→ **PROVIDED DATA**:
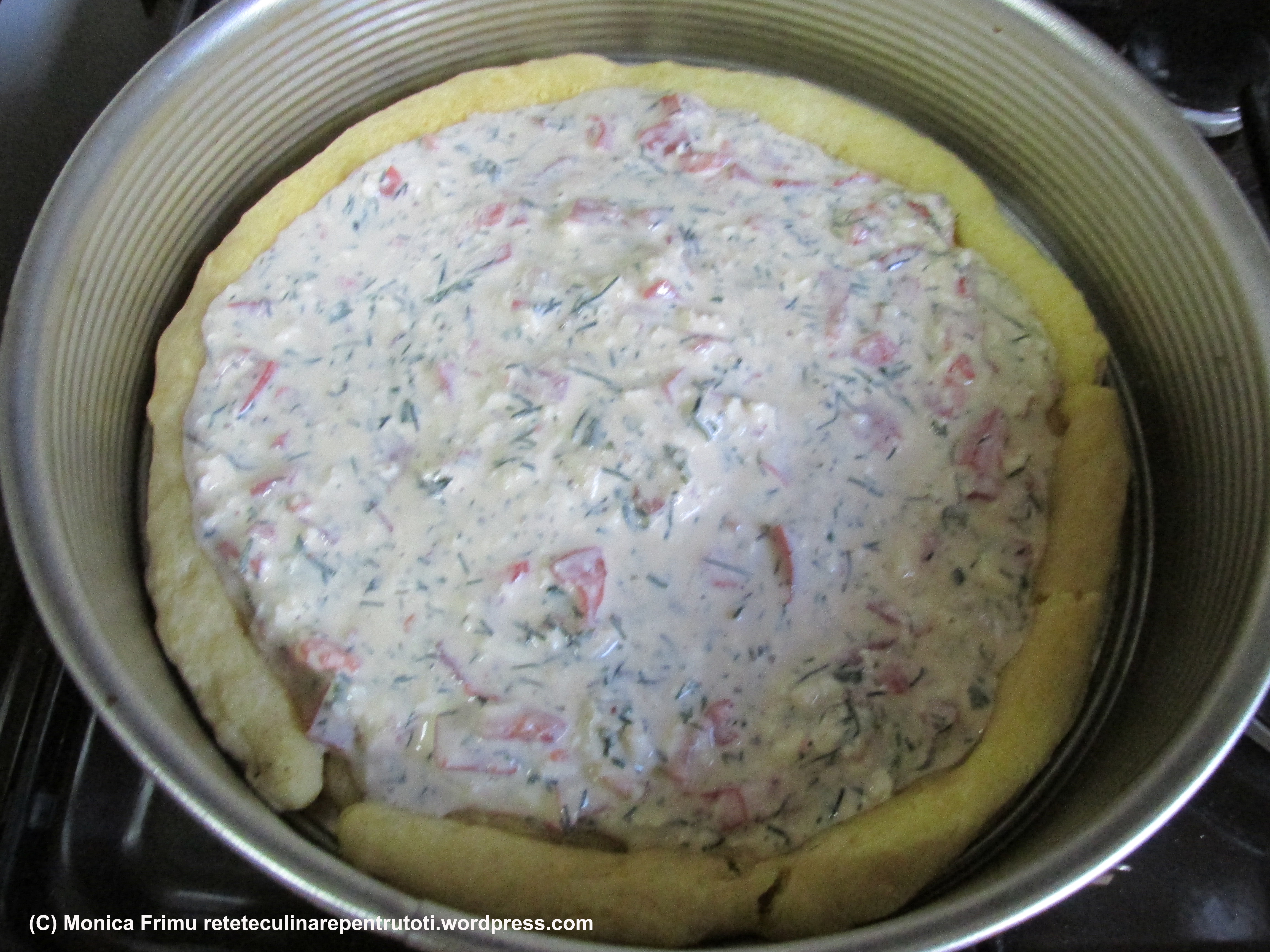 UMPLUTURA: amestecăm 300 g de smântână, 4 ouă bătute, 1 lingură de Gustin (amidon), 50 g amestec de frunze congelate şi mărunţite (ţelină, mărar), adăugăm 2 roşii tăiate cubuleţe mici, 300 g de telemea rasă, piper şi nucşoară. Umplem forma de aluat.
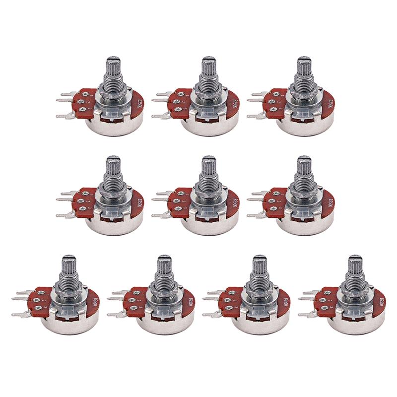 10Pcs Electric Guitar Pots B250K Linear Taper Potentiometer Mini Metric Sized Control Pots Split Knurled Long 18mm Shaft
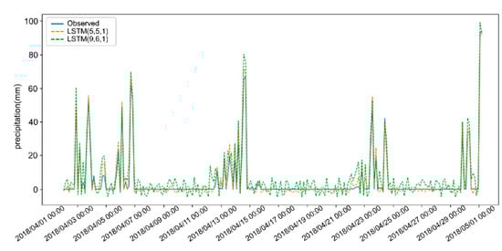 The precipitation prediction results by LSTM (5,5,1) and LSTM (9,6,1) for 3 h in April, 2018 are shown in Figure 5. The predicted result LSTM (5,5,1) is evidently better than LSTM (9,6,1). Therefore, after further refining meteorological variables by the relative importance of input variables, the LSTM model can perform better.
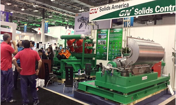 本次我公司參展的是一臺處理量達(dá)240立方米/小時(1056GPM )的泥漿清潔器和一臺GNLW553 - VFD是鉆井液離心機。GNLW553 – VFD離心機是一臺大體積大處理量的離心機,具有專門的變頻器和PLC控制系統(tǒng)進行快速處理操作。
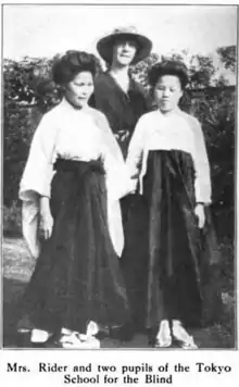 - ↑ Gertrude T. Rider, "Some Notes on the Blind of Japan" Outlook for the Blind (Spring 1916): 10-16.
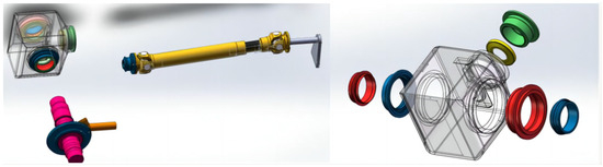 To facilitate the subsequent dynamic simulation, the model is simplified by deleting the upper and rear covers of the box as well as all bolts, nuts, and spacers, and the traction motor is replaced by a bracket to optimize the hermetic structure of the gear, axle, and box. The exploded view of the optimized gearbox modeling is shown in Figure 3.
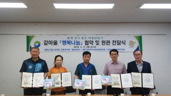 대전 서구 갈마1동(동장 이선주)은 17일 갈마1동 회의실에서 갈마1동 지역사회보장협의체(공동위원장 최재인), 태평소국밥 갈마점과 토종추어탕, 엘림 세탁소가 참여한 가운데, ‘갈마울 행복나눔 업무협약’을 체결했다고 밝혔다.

...

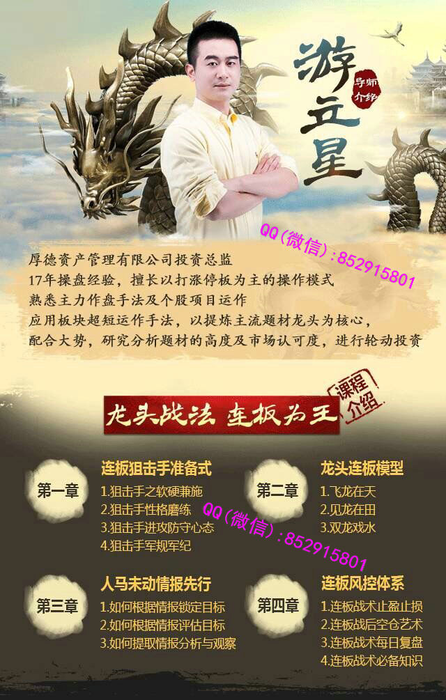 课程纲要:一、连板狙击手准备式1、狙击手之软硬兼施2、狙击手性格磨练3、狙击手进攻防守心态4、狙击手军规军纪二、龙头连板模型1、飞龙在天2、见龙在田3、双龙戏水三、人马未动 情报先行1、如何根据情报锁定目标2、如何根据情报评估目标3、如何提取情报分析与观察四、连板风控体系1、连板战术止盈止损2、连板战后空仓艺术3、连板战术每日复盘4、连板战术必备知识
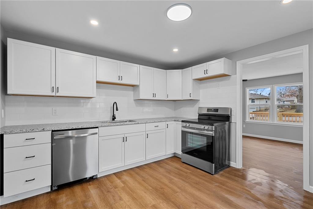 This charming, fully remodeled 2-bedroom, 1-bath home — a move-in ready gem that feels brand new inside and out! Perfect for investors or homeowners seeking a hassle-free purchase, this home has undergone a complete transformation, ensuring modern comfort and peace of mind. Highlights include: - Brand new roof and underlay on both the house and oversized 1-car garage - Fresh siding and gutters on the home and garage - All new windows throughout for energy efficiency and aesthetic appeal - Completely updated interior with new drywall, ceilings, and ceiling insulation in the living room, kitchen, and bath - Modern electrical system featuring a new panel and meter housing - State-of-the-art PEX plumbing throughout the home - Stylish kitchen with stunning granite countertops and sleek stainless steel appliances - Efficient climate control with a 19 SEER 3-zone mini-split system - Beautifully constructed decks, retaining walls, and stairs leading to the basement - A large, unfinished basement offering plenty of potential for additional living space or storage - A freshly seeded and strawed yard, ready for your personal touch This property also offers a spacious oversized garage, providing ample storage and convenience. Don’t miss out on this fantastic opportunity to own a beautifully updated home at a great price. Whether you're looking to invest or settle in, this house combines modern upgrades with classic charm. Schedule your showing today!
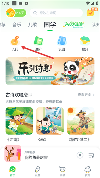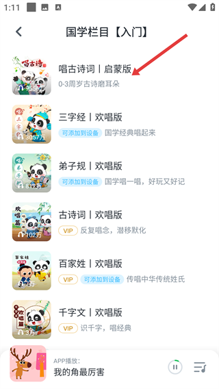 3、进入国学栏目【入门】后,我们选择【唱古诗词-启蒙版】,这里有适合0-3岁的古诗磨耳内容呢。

→ **REQUIRED ACTION**: Start at the line above containing "UMPLUTURA: amestecăm 300" and stop at the line containing "대전 서구 갈마1동(동장": print those lines and everything between them exactly, but not the pictures.

→ **OUTPUT OF THE TASK**:
 UMPLUTURA: amestecăm 300 g de smântână, 4 ouă bătute, 1 lingură de Gustin (amidon), 50 g amestec de frunze congelate şi mărunţite (ţelină, mărar), adăugăm 2 roşii tăiate cubuleţe mici, 300 g de telemea rasă, piper şi nucşoară. Umplem forma de aluat.
 10Pcs Electric Guitar Pots B250K Linear Taper Potentiometer Mini Metric Sized Control Pots Split Knurled Long 18mm Shaft
 The precipitation prediction results by LSTM (5,5,1) and LSTM (9,6,1) for 3 h in April, 2018 are shown in Figure 5. The predicted result LSTM (5,5,1) is evidently better than LSTM (9,6,1). Therefore, after further refining meteorological variables by the relative importance of input variables, the LSTM model can perform better.
 本次我公司參展的是一臺處理量達(dá)240立方米/小時(1056GPM )的泥漿清潔器和一臺GNLW553 - VFD是鉆井液離心機。GNLW553 – VFD離心機是一臺大體積大處理量的離心機,具有專門的變頻器和PLC控制系統(tǒng)進行快速處理操作。
 - ↑ Gertrude T. Rider, "Some Notes on the Blind of Japan" Outlook for the Blind (Spring 1916): 10-16.
 To facilitate the subsequent dynamic simulation, the model is simplified by deleting the upper and rear covers of the box as well as all bolts, nuts, and spacers, and the traction motor is replaced by a bracket to optimize the hermetic structure of the gear, axle, and box. The exploded view of the optimized gearbox modeling is shown in Figure 3.
 대전 서구 갈마1동(동장 이선주)은 17일 갈마1동 회의실에서 갈마1동 지역사회보장협의체(공동위원장 최재인), 태평소국밥 갈마점과 토종추어탕, 엘림 세탁소가 참여한 가운데, ‘갈마울 행복나눔 업무협약’을 체결했다고 밝혔다.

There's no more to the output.